Stored data entries

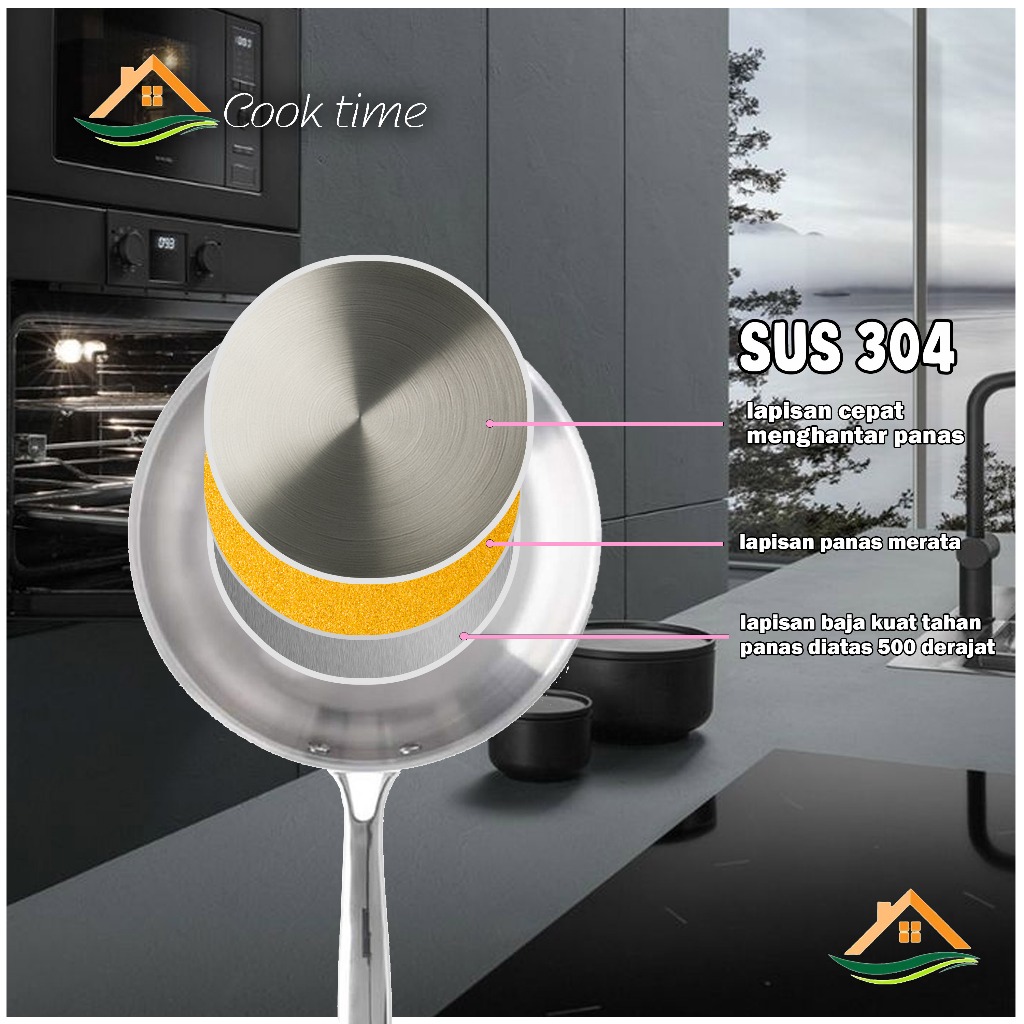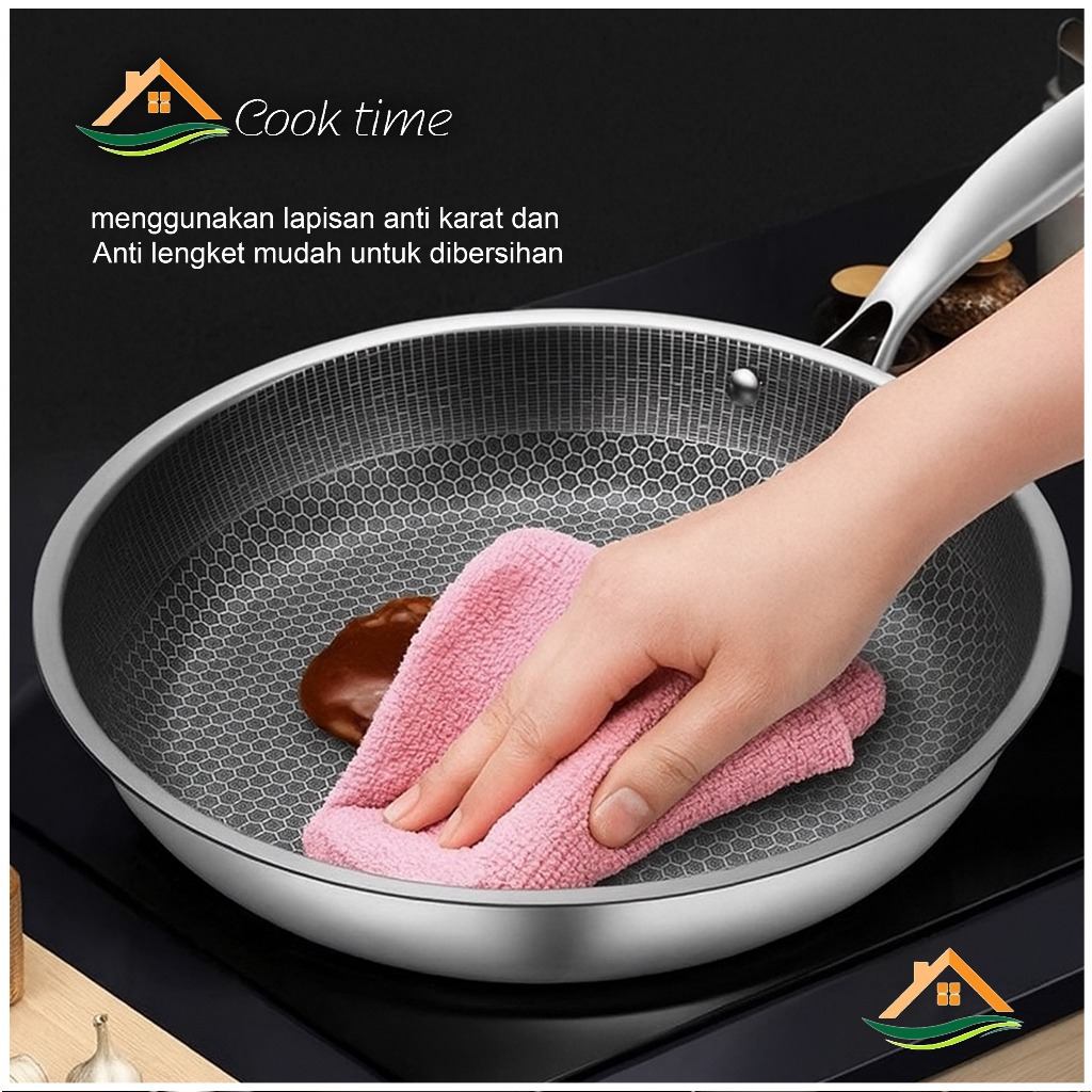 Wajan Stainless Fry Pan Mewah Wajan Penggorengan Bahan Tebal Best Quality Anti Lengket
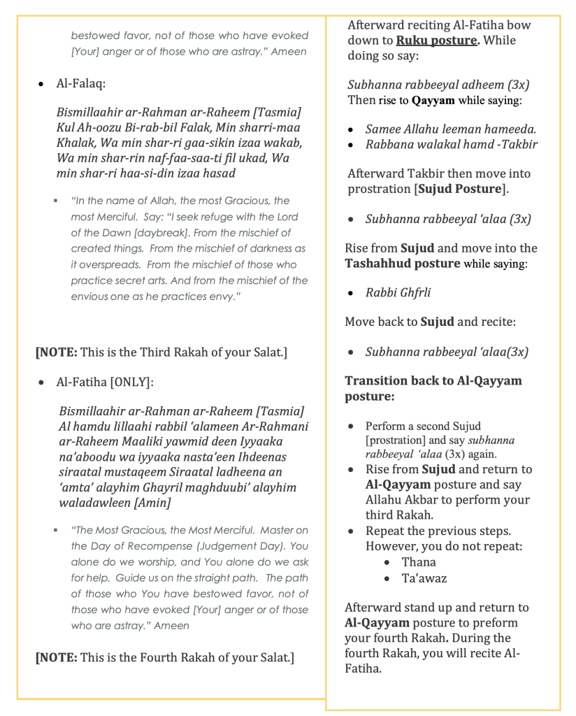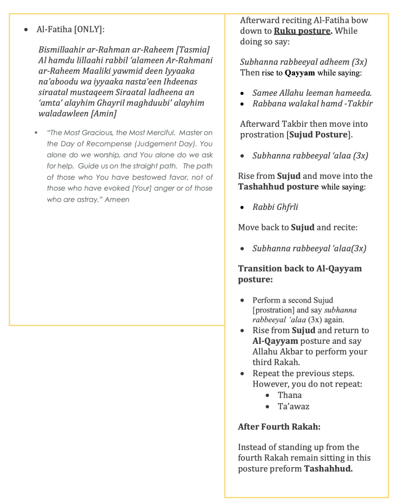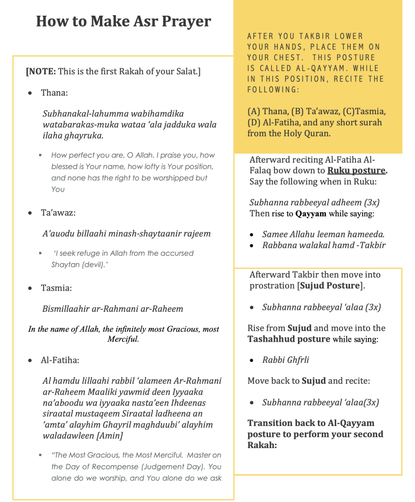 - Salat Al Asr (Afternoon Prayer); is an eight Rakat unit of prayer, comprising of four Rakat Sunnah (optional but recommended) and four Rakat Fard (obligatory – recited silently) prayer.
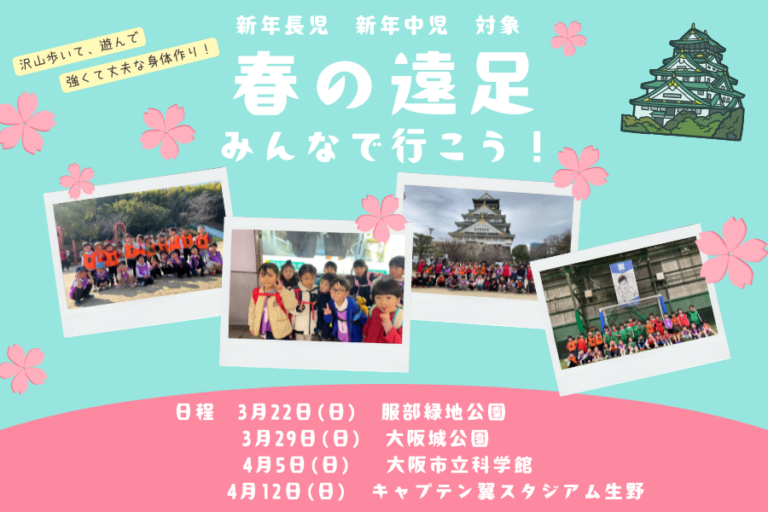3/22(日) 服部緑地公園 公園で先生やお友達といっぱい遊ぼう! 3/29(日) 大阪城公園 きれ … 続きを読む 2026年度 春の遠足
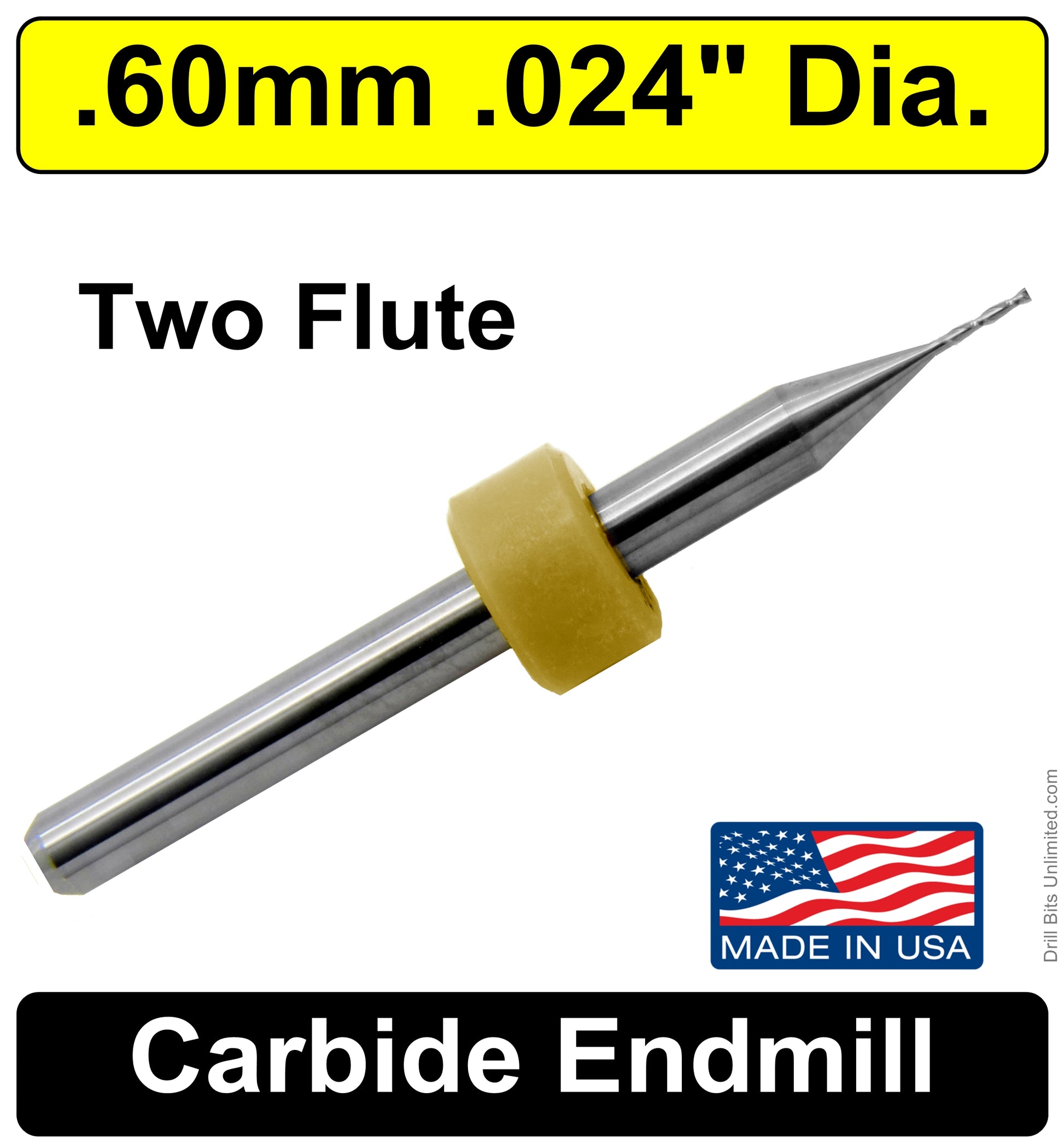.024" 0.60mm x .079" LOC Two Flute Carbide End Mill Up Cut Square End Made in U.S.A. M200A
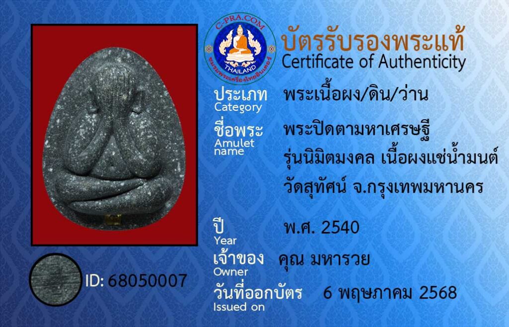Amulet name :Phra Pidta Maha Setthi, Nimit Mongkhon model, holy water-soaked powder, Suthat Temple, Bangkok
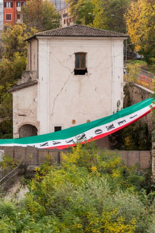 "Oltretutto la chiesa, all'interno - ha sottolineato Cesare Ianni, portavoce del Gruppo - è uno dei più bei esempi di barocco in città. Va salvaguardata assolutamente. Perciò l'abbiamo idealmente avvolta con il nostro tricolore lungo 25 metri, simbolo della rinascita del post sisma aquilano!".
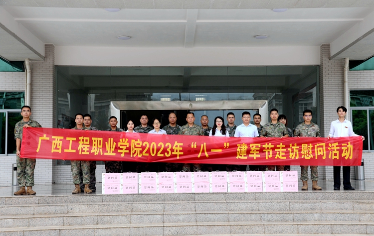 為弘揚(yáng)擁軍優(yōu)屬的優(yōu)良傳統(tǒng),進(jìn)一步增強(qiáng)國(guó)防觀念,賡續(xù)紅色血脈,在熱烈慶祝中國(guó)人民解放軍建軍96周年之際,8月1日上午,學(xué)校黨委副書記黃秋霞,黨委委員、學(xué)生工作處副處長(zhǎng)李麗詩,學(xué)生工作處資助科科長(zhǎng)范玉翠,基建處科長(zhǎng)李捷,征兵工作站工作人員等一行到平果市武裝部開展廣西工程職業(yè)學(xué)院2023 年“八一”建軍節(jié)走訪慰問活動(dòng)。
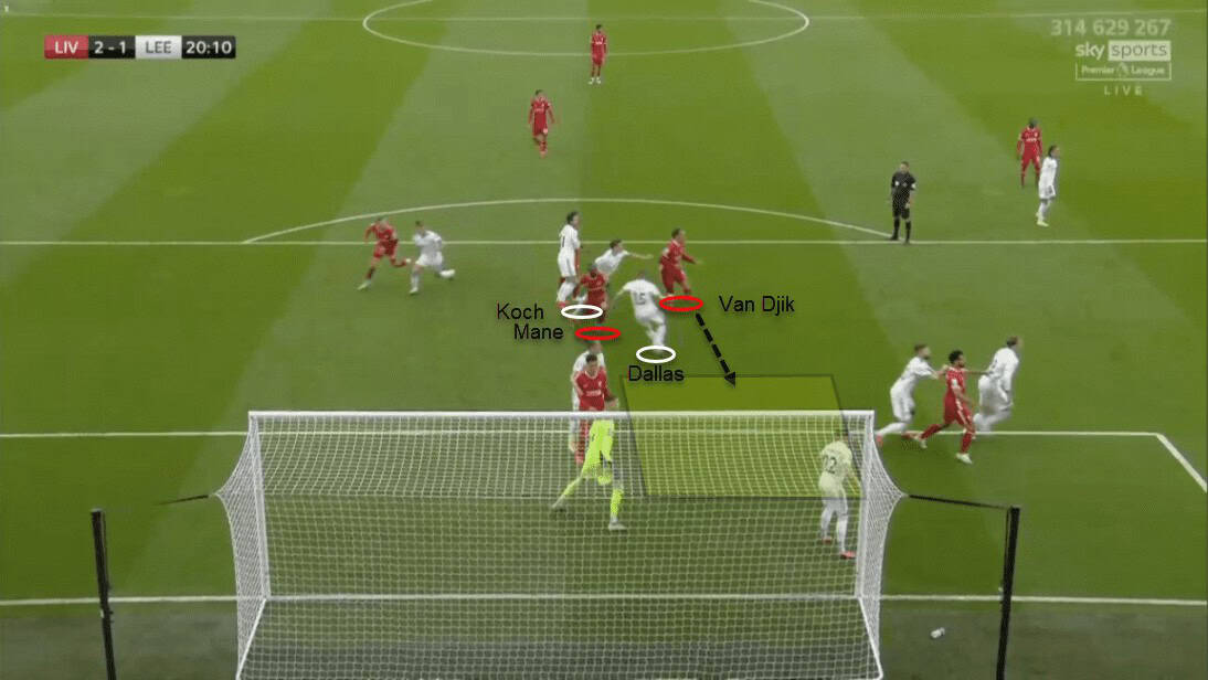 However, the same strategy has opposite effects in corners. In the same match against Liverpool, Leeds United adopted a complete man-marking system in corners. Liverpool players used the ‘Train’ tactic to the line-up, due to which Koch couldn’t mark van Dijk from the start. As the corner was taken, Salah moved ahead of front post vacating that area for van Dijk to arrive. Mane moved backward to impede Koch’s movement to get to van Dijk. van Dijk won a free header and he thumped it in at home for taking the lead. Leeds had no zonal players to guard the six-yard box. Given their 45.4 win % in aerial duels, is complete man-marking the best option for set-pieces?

* Aim of the exercise
Could you write the entries out again exactly, without their pictures?

* Answer
 Wajan Stainless Fry Pan Mewah Wajan Penggorengan Bahan Tebal Best Quality Anti Lengket
 - Salat Al Asr (Afternoon Prayer); is an eight Rakat unit of prayer, comprising of four Rakat Sunnah (optional but recommended) and four Rakat Fard (obligatory – recited silently) prayer.
3/22(日) 服部緑地公園 公園で先生やお友達といっぱい遊ぼう! 3/29(日) 大阪城公園 きれ … 続きを読む 2026年度 春の遠足
.024" 0.60mm x .079" LOC Two Flute Carbide End Mill Up Cut Square End Made in U.S.A. M200A
Amulet name :Phra Pidta Maha Setthi, Nimit Mongkhon model, holy water-soaked powder, Suthat Temple, Bangkok
 "Oltretutto la chiesa, all'interno - ha sottolineato Cesare Ianni, portavoce del Gruppo - è uno dei più bei esempi di barocco in città. Va salvaguardata assolutamente. Perciò l'abbiamo idealmente avvolta con il nostro tricolore lungo 25 metri, simbolo della rinascita del post sisma aquilano!".
 為弘揚(yáng)擁軍優(yōu)屬的優(yōu)良傳統(tǒng),進(jìn)一步增強(qiáng)國(guó)防觀念,賡續(xù)紅色血脈,在熱烈慶祝中國(guó)人民解放軍建軍96周年之際,8月1日上午,學(xué)校黨委副書記黃秋霞,黨委委員、學(xué)生工作處副處長(zhǎng)李麗詩,學(xué)生工作處資助科科長(zhǎng)范玉翠,基建處科長(zhǎng)李捷,征兵工作站工作人員等一行到平果市武裝部開展廣西工程職業(yè)學(xué)院2023 年“八一”建軍節(jié)走訪慰問活動(dòng)。
 However, the same strategy has opposite effects in corners. In the same match against Liverpool, Leeds United adopted a complete man-marking system in corners. Liverpool players used the ‘Train’ tactic to the line-up, due to which Koch couldn’t mark van Dijk from the start. As the corner was taken, Salah moved ahead of front post vacating that area for van Dijk to arrive. Mane moved backward to impede Koch’s movement to get to van Dijk. van Dijk won a free header and he thumped it in at home for taking the lead. Leeds had no zonal players to guard the six-yard box. Given their 45.4 win % in aerial duels, is complete man-marking the best option for set-pieces?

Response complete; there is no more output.